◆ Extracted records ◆
++++++++++++++++++++
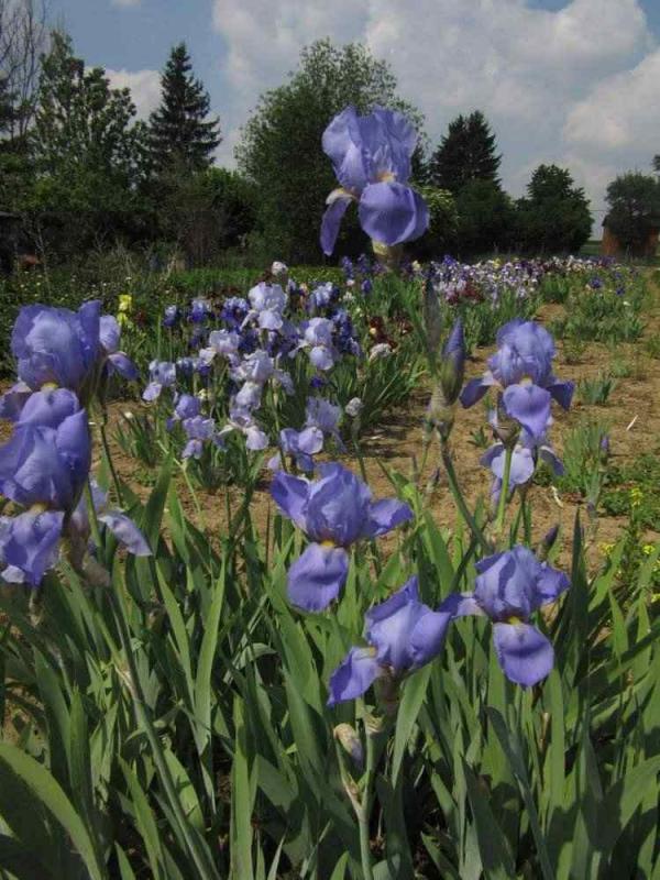 Wieder eine Namenlose, sie gleicht in Höhe und Blütenfarbe Iris pallida, hat aber doppelt so große Blüten. Von der Eleganz der Art verliert sie trotzdem nichts!
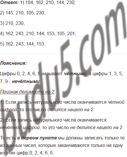 Какие из чисел 184, 162, 243, 145, 210, 144, 153, 105, 230, 201 делится нацело: 1) на 2; 2) на 5; 3) на 10; 4) на 3; 5) на 9?
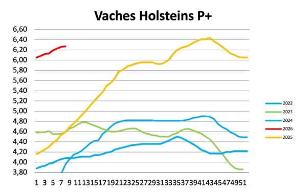 Réformes laitières – Les industriels sont toujours à la recherche de minerai, avec des besoins qui vont se renforcer pour la fin des vacances d’hiver et le début du mois. Le niveau de l’offre reste très correct pour la saison alors que l’an dernier le déficit était déjà important. Cette situation est due à un décalage de production lié à la FCO. Les abatteurs notent également plus de disponibilité en raison de la tension observée sur le prix du lait. Le creux de production sera plus tardif, mais peut-être plus violent. Le commerce reste fluide dans les réformes laitières, mais une stabilisation des prix est observée cette semaine chez les gros opérateurs. La demande reste soutenue dans les taureaux de réformes, face à la forte demande en minerai.
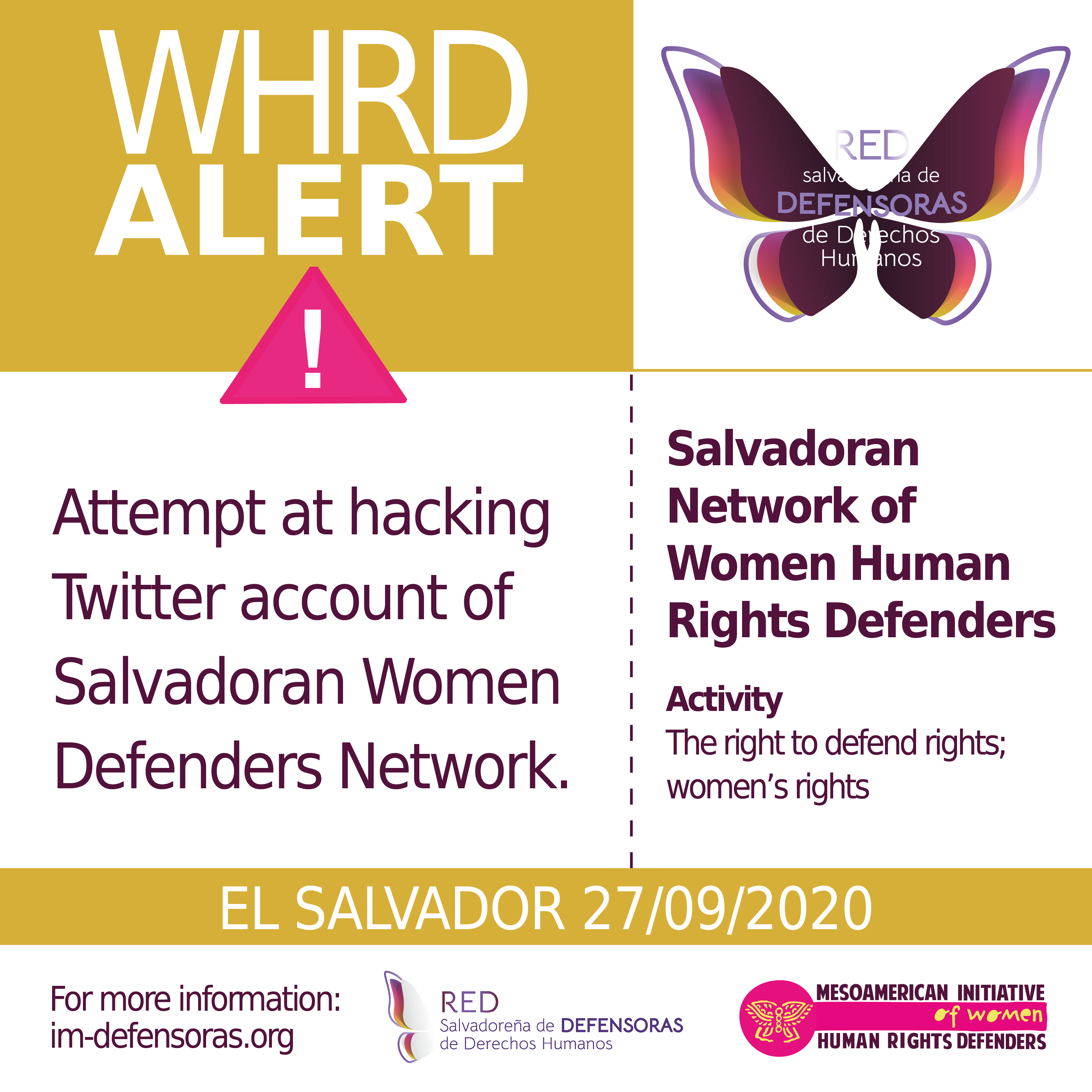 THE FACTS – In the early morning hours of Friday, September 25, the Twitter account of the Salvadoran Network of Women Human Rights Defenders was subjected to several hacking attempts.
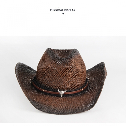Omfamna din robusta sida med vår rustika vävda westernhatt med Longhorn-design.
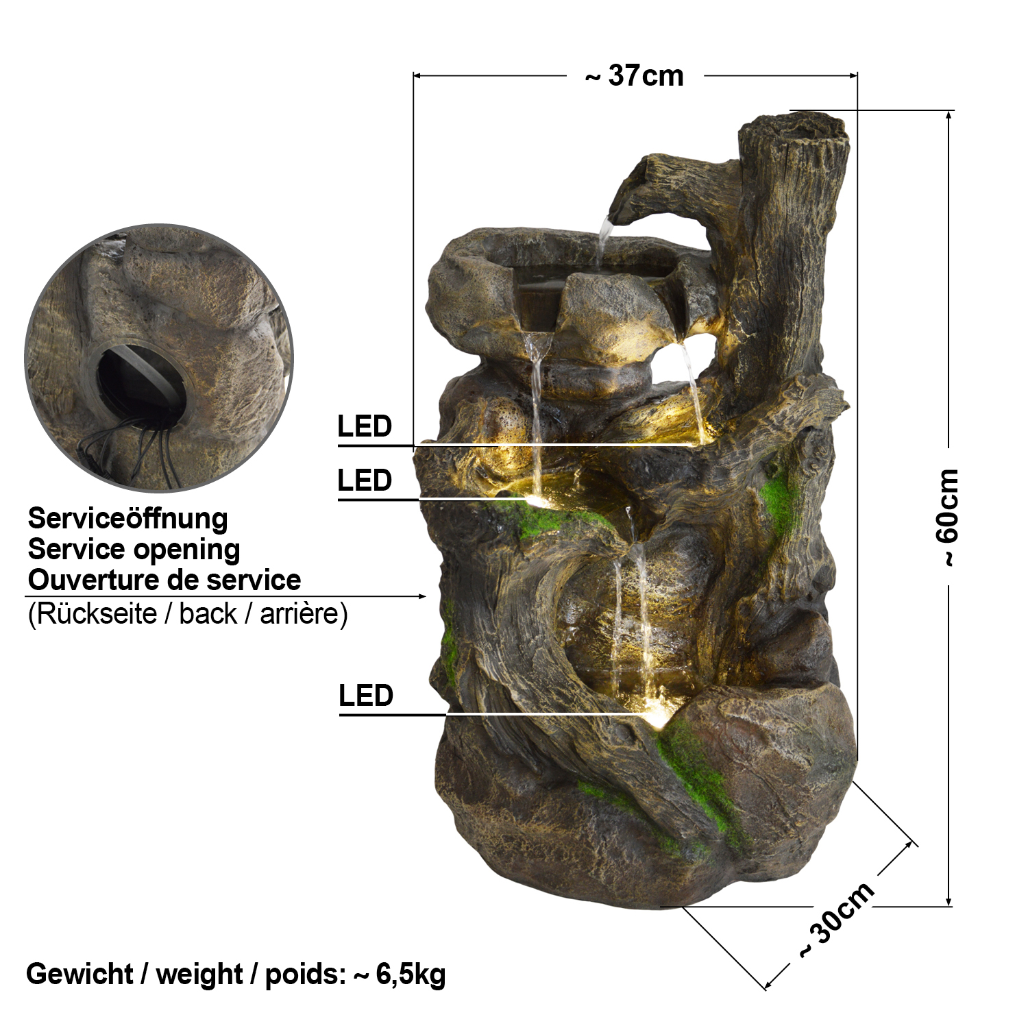 B-Ware Gartenbrunnen BAUMWURZEL & STEIN-KASKADE mit LED-Licht
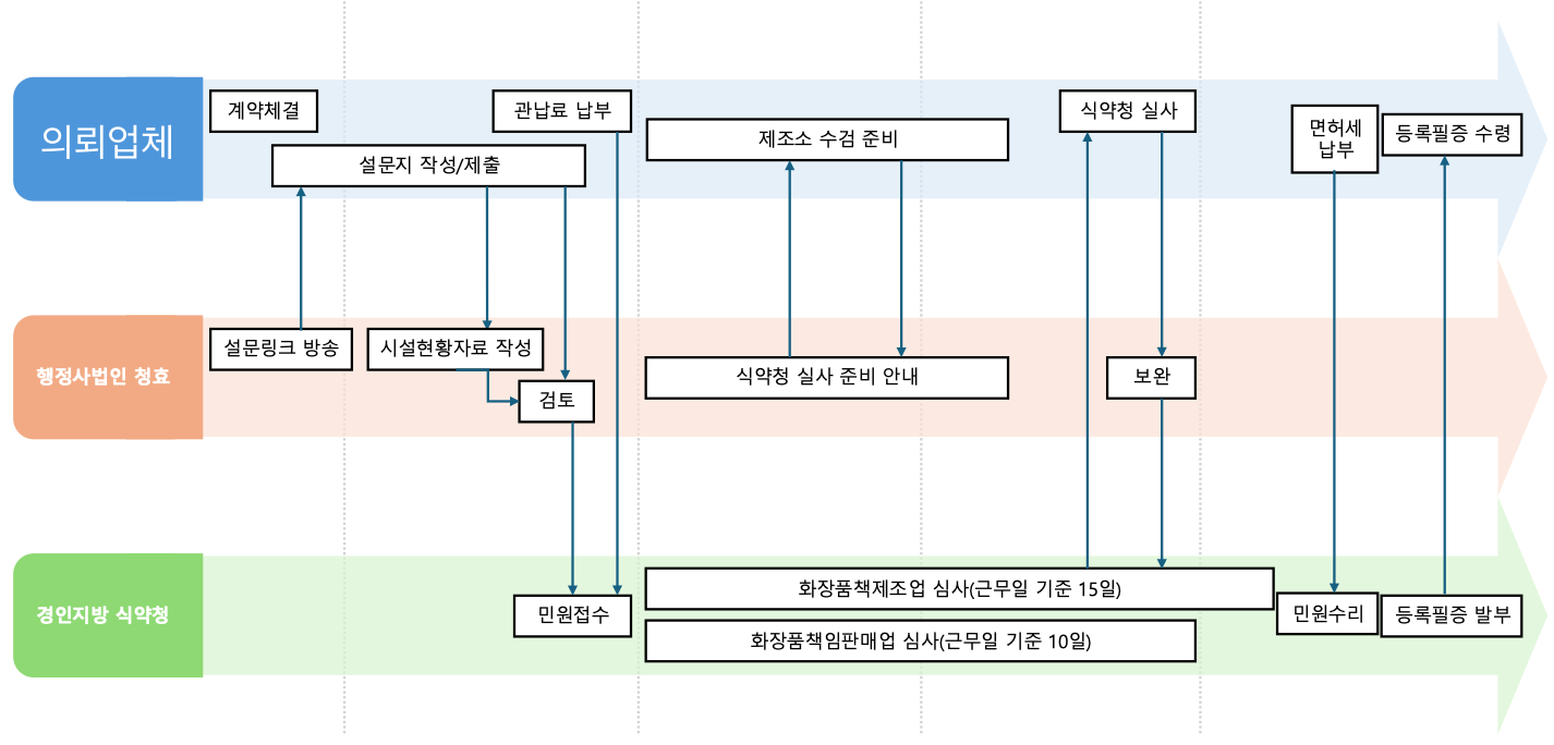 화장품 제조시설 기준에 맞게 시설을 설계하고 공사를 진행하는 동안, 동시에 제조업 등록과 책임판매업 등록 절차를 병행하면 등록 소요 시간을 현저히 줄일 수 있습니다.
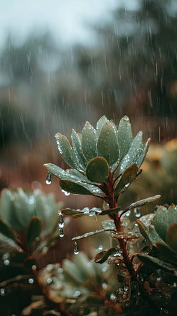 Soft rain falling gently on Shiny bush, with water droplets forming and slowly dripping. The background is softly blurred with a natural, moody atmosphere.
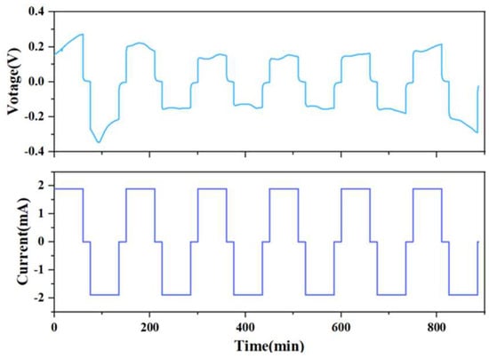 In order to observe the change of the internal solid interface during the charging and discharging process of the battery, the current is set at 1.9 mA, the deposition time is 1 h, the interval is 15 min, and the alarm voltage is at ±3 V. From Figure 4, it can be seen that in the first five cycles, although the I-V curve of the solid-state battery fluctuates slightly, the overall shape is relatively uniform and has a battlement pattern, indicating that the charge–discharge cycle process of the battery is relatively stable.
++++++++++++++++++++
◆ The problem ◆
Copy the data exactly. Pictures do not belong in the copy.

◆ Task result ◆
 Wieder eine Namenlose, sie gleicht in Höhe und Blütenfarbe Iris pallida, hat aber doppelt so große Blüten. Von der Eleganz der Art verliert sie trotzdem nichts!
 Какие из чисел 184, 162, 243, 145, 210, 144, 153, 105, 230, 201 делится нацело: 1) на 2; 2) на 5; 3) на 10; 4) на 3; 5) на 9?
 Réformes laitières – Les industriels sont toujours à la recherche de minerai, avec des besoins qui vont se renforcer pour la fin des vacances d’hiver et le début du mois. Le niveau de l’offre reste très correct pour la saison alors que l’an dernier le déficit était déjà important. Cette situation est due à un décalage de production lié à la FCO. Les abatteurs notent également plus de disponibilité en raison de la tension observée sur le prix du lait. Le creux de production sera plus tardif, mais peut-être plus violent. Le commerce reste fluide dans les réformes laitières, mais une stabilisation des prix est observée cette semaine chez les gros opérateurs. La demande reste soutenue dans les taureaux de réformes, face à la forte demande en minerai.
 THE FACTS – In the early morning hours of Friday, September 25, the Twitter account of the Salvadoran Network of Women Human Rights Defenders was subjected to several hacking attempts.
Omfamna din robusta sida med vår rustika vävda westernhatt med Longhorn-design.
 B-Ware Gartenbrunnen BAUMWURZEL & STEIN-KASKADE mit LED-Licht
 화장품 제조시설 기준에 맞게 시설을 설계하고 공사를 진행하는 동안, 동시에 제조업 등록과 책임판매업 등록 절차를 병행하면 등록 소요 시간을 현저히 줄일 수 있습니다.
 Soft rain falling gently on Shiny bush, with water droplets forming and slowly dripping. The background is softly blurred with a natural, moody atmosphere.
 In order to observe the change of the internal solid interface during the charging and discharging process of the battery, the current is set at 1.9 mA, the deposition time is 1 h, the interval is 15 min, and the alarm voltage is at ±3 V. From Figure 4, it can be seen that in the first five cycles, although the I-V curve of the solid-state battery fluctuates slightly, the overall shape is relatively uniform and has a battlement pattern, indicating that the charge–discharge cycle process of the battery is relatively stable.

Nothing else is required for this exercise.